I’ve often wondered about the ethics of publicly-funded broadcasting organisations urging greater spending of taxpayer funds thorough “news” promoting money-hungry causes and public service advocacy.

An interesting twist has arisen in the UK, where the BBC also pumps out programme after programme giving dire warnings about the government cuts on child poverty, starvation, suicide and plenty else. 

It’s no different on Radio New Zealand, where the effects of reduced government spending is a staple of most news bulletins.

New light has been shed on the nature of these organisations in a report by the IEA (Institute of Economic Affairs) called Sock Puppets: How the Government Lobbies Itself and Why.

The Daily Telegraph summarises his report:

Some 27,000 charities are now dependent on the government for more than 75% of their income and the “voluntary sector” now receives more money from the state than it receives in actual voluntary donations, [report writer Christopher] Snowdon explains.

As a result, state-funded charities have helped to shape public policy by campaigning for causes that aren’t actually that popular with the public.

Similar research would probably reach the same conclusions here.

What's eating Gina Rinehart
Elsewhere in the media, the focus this week has been on Australia’s (and the world’s) richest woman, Gina Rinehart, getting control of Fairfax Media, home to the left-leaning metropolitan dailies The Age (Melbourne) and Sydney Morning Herald.

Short of eating babies, Mrs Rinehart has been accused of everything most journalists consider unpalatable, including, naturally, running newspapers at a profit.

I won’t bore readers with the plethora of commentary, which is available on Facebook at Kiwi Journalists Association and elsewhere, but it is worth noting that a trend is for newspapers to still attract the attention of rich individuals.

As ex-Age editor Andrew Jaspan says,

Is this the modern, open, progressive, democratic, tolerant, knowledge-based, clever country we aspire to be? Or are we seeing the same rise of the oligarch as in Russia where the resource-rich billionaires also dominate the media?

Jaspan’s fears are not restricted to Australia (or presumably Rupert Murdoch). Warren Buffett has recently bought a chain of papers in the US, though he might be considered benign, while Transitions Online, which collects news about Eastern Europe, says it’s no different in the Czech Republic:

Czech Prime Minister Petr Necas wants to strip Medea of its lucrative ad contracts with state-controlled companies, including electricity provider CEZ, forest manager Lesy CR, rail operator Ceske Drahy, and the postal service.

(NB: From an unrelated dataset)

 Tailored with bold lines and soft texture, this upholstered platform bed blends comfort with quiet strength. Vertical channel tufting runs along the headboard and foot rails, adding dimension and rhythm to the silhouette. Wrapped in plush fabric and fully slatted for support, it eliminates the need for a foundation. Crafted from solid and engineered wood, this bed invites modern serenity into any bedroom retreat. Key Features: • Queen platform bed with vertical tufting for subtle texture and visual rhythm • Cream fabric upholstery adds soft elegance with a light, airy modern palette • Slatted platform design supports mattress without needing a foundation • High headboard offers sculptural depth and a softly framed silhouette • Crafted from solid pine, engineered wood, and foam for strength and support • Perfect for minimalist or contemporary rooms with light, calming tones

Necas and his party colleagues are peeved, I’m told, that Medea handled the advertising for the opposition Social Democrats in the 2010 parliamentary elections campaign.

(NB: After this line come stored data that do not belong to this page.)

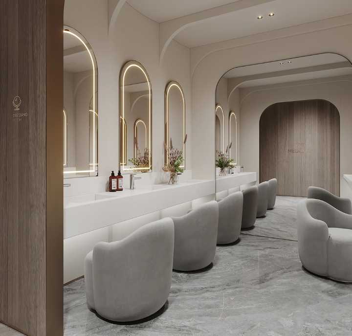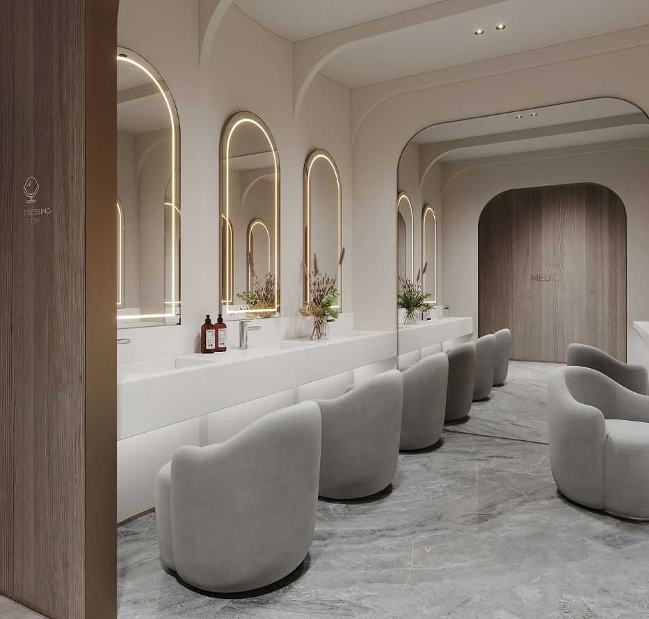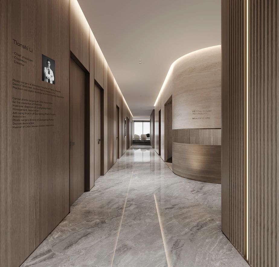 Design d'Interni su Misura per Spa Mediche di Lusso, Cliniche, Appartamenti, Identità di Marca, Rendering 3D, Porta in Vetro con Isolamento Termico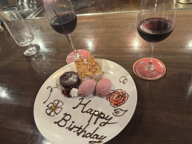 今回、バースデー系の予約はしていなかったのですが、店主さんの計らいでバースデープレートを急遽ご用意していただけました(o^^o)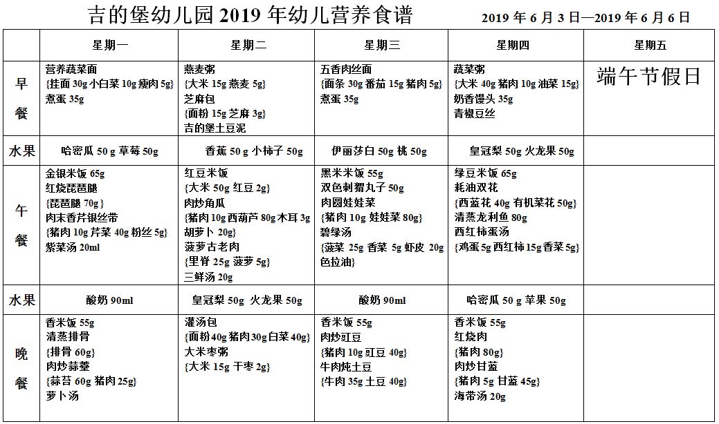 吉的堡幼儿园2019年6月3日--2019年6月6日幼儿食谱及温馨提示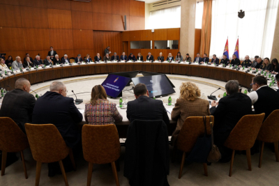 Sednica Republičkog štaba za vanredne situacije na kojoj je razmatrana aktuelna hidrološka i meteorološka situacija u zemlji održana je u Palati Srbija.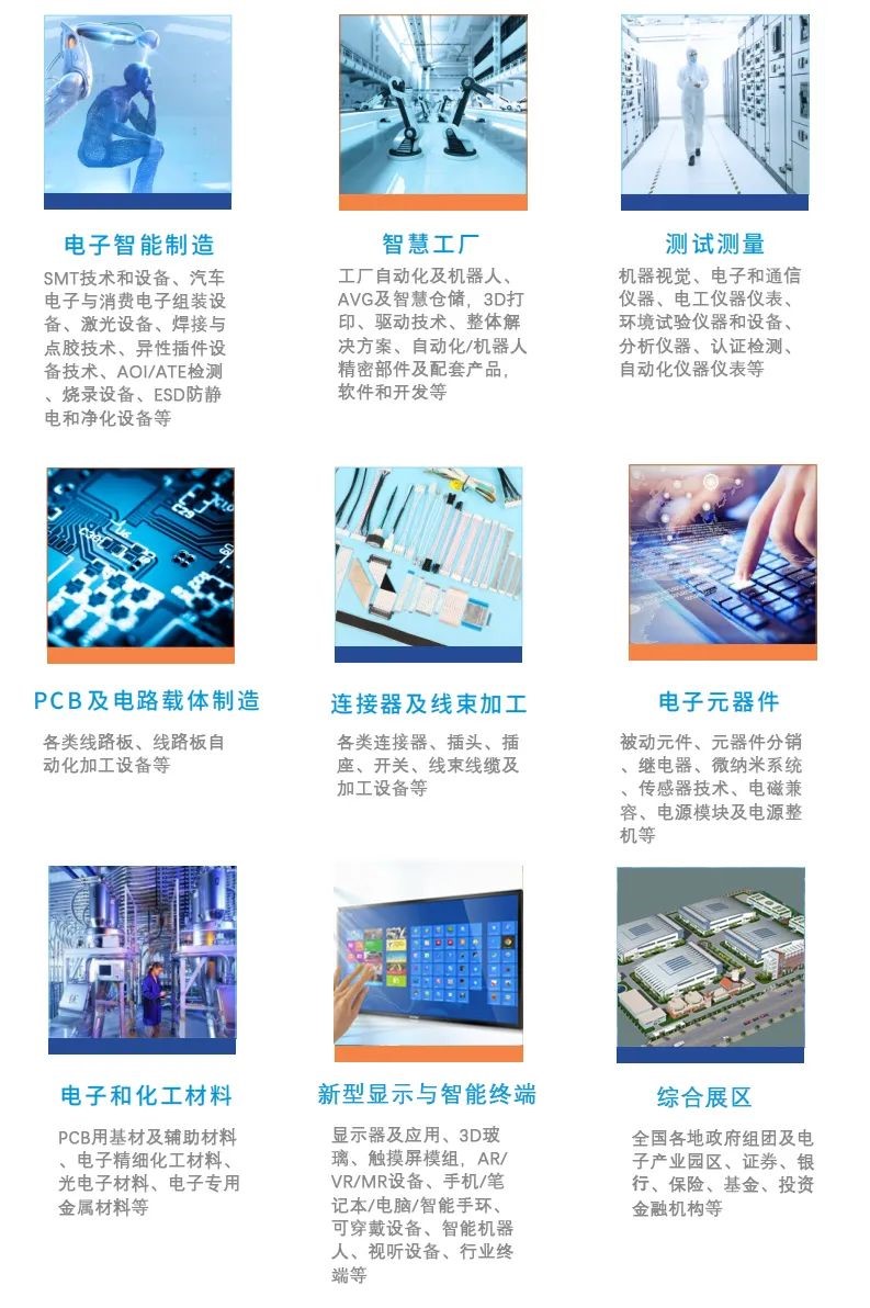 本届展会贯通产业链创新链服务链,形成全链汇聚的新优势,全国知名企业将集中展示,展出范围覆盖9大主题领域——电⼦智能制造、智慧⼯⼚、测试测量、PCB及电路载体制造、连接器及线束加⼯、电子元器件、电子和化工材料、新型显示与智能终端、综合展区。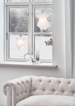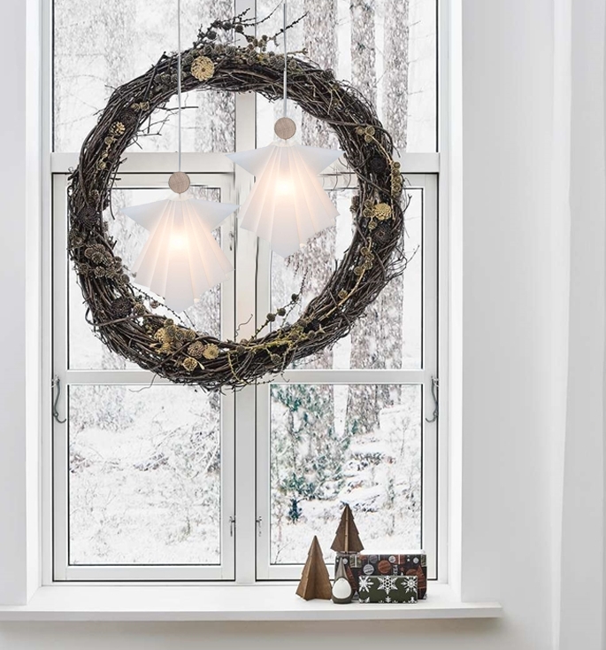 Englene skal være en påmindelse om, at vi i de mørke efterårs- og vintertider skal passe på hinanden. Lad endvidere den lysende engel i hjemmet skabe en varm atmosfære og smuk dekoration, hvor de gamle foldeteknikker er fastholdt i et stramt og enkelt design. Her oplever du samme kvalitetsmateriale og principper, som du kender fra LE KLINTs verdenskendte håndfoldede lampeskærme.
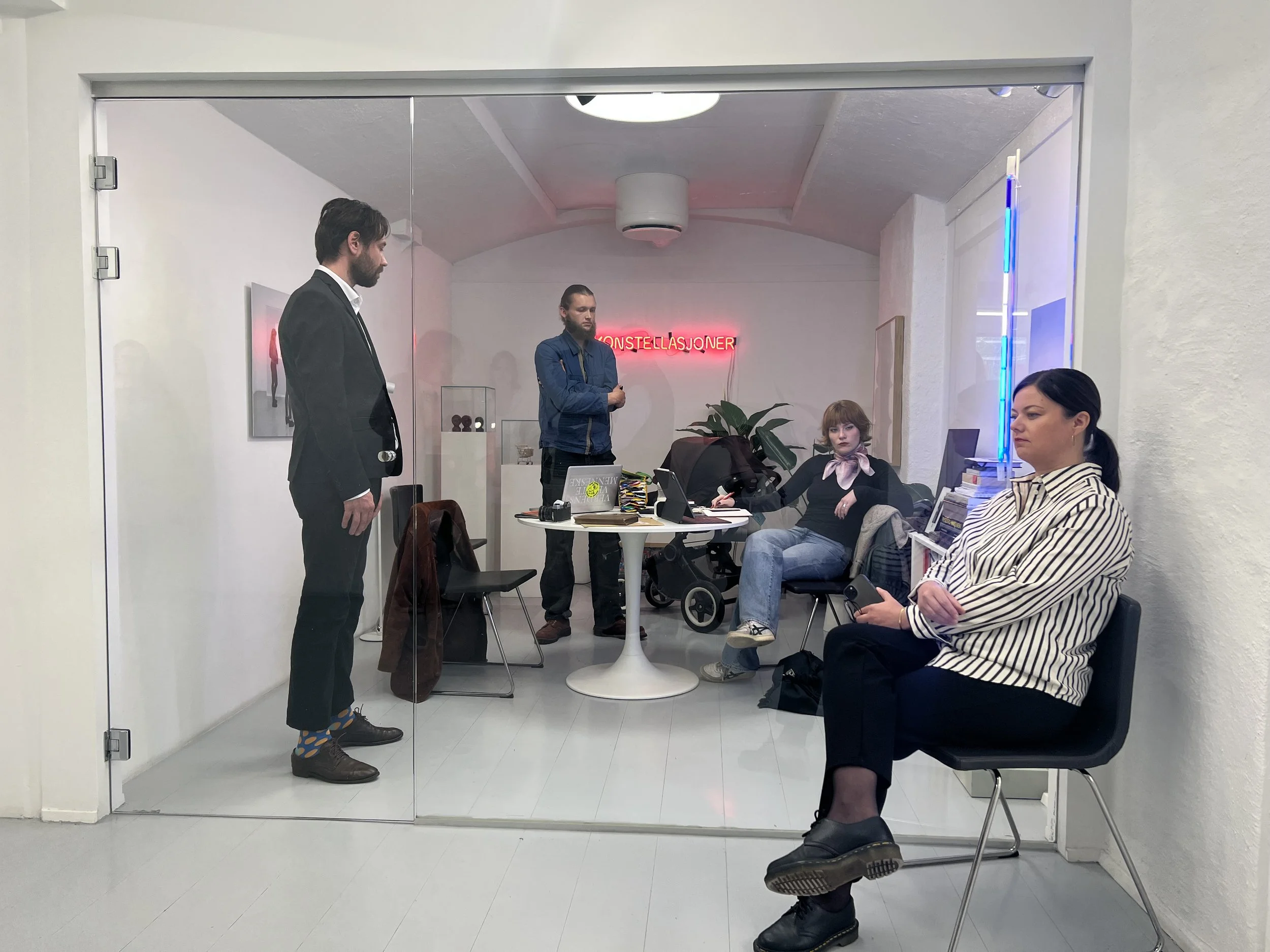 På den ene siden av det avlange rommet, vis-à-vis en lang blank vegg, befinner det kvadratiske gallerikontoret der dagens performance vises. Jeg står bakerst mot den tilsvarende hvite veggen og observerer fire vanlige mennesker, tre inne i et kontor og ett utenfor, sitte urovekkende stille og urørlige som om de var forsteinet. Scenen jeg opplever å tyvtitte på ser ut til å være et slags møte. En meter foran meg sitter det en voksen kvinne på en stol, og helt stille som fryst i tiden stirrer hun ut i intet; som om jeg og de syv andre menneskene en armlengde foran henne ikke eksisterter. Bak henne vedvarer det kubeformede kontoret med en glassvegg mot betrakteren. På den andre siden av glassveggen sitter det en kvinne med blikket vendt ut og vekk fra to menn som ser ut til å henvende seg til henne. En av mennene er iført i dress og den andre i hverdagslige klær og arbeidsbukse. Sistnevnte står med armene i kors, og det kan tenkes at det er ham barnevognen plassert bak tilhører. Fotografiet av installasjonen Live Photo #26 Lillestrøm på veggen, det analoge kameraet på bordet, den dekorerte macen med «verdens verste menneske» og «Blast Skates» klistremerker, i tillegg den avslappede holdningen og trolig farsfiguren til mannen, kan alludere til et slags selvportrett av kunstneren. At kvinnene sitter og mennene står fascinerer meg, og da jeg spør Crispin om dette er han ikke helt sikker på hvorfor, men forteller meg at det er gjentagende i kunsten sin. Et slags oppgjør med etablerte stereotypiske kjønnsroller? Eller kanskje det er relatert til egne opplevelser av ett eller begge kjønnene?

Tide runs out at Salon.com
On the other side of the Atlantic, one of the biggest names in internet media, Salon.com, has struck hard times. Writing on SiliconValley.com, Chris O’Brien suggests pulling the plug on the pioneering website, once heralded as the future of journalism.

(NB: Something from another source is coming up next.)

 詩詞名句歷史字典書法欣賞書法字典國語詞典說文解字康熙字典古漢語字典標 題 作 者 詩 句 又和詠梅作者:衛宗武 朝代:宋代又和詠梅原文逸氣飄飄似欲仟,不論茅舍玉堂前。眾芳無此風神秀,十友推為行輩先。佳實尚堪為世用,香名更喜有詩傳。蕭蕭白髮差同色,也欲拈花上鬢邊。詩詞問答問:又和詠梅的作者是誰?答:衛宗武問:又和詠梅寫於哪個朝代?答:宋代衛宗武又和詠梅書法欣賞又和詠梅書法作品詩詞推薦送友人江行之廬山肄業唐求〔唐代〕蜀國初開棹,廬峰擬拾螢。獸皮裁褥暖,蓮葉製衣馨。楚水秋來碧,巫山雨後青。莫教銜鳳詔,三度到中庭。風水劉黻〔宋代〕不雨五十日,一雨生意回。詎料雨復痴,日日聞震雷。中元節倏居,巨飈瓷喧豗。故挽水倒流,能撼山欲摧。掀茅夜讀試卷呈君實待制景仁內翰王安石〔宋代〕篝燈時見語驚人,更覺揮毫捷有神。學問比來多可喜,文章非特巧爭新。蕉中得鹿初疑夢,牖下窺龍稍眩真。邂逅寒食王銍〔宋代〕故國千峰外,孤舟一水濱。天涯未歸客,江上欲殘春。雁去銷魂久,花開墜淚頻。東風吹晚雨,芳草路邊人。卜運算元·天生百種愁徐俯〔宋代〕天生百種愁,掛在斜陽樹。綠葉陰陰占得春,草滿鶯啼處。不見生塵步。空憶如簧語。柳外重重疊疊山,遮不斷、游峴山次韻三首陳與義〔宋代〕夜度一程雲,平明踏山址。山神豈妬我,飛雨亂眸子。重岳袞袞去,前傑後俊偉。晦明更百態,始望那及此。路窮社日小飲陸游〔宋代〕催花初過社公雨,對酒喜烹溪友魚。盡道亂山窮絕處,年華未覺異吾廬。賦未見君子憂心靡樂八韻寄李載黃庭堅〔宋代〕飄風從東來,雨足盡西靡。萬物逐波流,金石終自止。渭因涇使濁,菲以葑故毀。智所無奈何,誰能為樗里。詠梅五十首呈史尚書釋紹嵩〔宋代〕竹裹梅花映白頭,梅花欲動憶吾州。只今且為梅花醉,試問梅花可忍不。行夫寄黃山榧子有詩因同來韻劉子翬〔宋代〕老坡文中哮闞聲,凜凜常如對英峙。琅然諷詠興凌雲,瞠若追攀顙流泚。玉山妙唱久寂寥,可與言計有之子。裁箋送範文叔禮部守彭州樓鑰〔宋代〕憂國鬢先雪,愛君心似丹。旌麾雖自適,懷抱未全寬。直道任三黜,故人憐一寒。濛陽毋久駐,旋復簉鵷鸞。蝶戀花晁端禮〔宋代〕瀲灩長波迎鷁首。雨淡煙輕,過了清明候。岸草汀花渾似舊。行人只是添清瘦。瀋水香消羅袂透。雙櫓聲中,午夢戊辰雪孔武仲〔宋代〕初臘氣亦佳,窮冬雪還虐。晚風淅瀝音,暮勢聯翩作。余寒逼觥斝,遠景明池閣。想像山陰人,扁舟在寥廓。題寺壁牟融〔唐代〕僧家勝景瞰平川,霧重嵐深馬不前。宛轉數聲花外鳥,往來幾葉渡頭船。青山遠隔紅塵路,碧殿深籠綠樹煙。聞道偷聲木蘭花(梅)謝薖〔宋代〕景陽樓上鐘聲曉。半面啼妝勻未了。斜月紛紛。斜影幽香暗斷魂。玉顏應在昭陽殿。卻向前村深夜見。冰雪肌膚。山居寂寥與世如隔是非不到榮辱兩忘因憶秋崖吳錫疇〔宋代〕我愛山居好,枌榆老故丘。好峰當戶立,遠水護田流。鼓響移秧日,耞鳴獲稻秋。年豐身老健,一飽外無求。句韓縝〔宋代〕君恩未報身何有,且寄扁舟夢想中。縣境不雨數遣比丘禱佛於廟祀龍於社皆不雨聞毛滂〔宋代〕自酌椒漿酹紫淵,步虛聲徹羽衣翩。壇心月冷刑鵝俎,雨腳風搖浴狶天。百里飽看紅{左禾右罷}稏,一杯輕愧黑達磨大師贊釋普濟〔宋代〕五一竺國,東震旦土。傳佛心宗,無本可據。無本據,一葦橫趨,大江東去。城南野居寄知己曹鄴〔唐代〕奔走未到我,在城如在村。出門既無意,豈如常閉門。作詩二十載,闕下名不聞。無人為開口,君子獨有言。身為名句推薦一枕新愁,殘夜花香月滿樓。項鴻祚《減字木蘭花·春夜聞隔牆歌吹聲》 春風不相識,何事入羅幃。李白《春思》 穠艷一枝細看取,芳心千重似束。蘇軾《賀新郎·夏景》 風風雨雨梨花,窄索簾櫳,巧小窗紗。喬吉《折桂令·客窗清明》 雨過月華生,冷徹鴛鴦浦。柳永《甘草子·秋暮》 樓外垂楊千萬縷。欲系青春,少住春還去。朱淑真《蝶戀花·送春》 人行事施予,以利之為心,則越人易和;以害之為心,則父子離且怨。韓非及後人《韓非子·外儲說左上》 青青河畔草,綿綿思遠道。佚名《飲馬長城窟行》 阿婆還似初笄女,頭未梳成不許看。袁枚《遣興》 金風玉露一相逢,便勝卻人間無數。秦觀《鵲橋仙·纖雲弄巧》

For a start the figures don’t stack up: the company lost $US997,000 the three months ending to December 2011 on $1.03 million in revenues and, it says, needs “approximately ($US1 million) in additional funding to meet its operating needs for the balance of its fiscal year".

The interesting point is that Salon.com started as a subscription model with premium content – earning some $US8 million in revenue annually – but, according to O’Brien

… over time, the company turned its attention to focus more on its free, ad-driven business and lost most of those subscribers and its revenue. At the same time, the web changed, and Salon failed to change with it.

Over the past decade, the emergence of blogs and social media changed the digital game. Salon, for many years, failed to embrace this new dynamic.

Instead, new media companies like the Huffington Post emerged, which was powered initially by aggregating content created by others and recruiting large networks of unpaid bloggers. Eventually, Huffington Post started making enough money to hire its own stable of professional journalists on the way to being acquired by AOL.

The way out for Greece, et al
Back on the topic of Eastern Europe, that region is being held up as an example of how to solve the eurozone crisis with a dose of shock economics.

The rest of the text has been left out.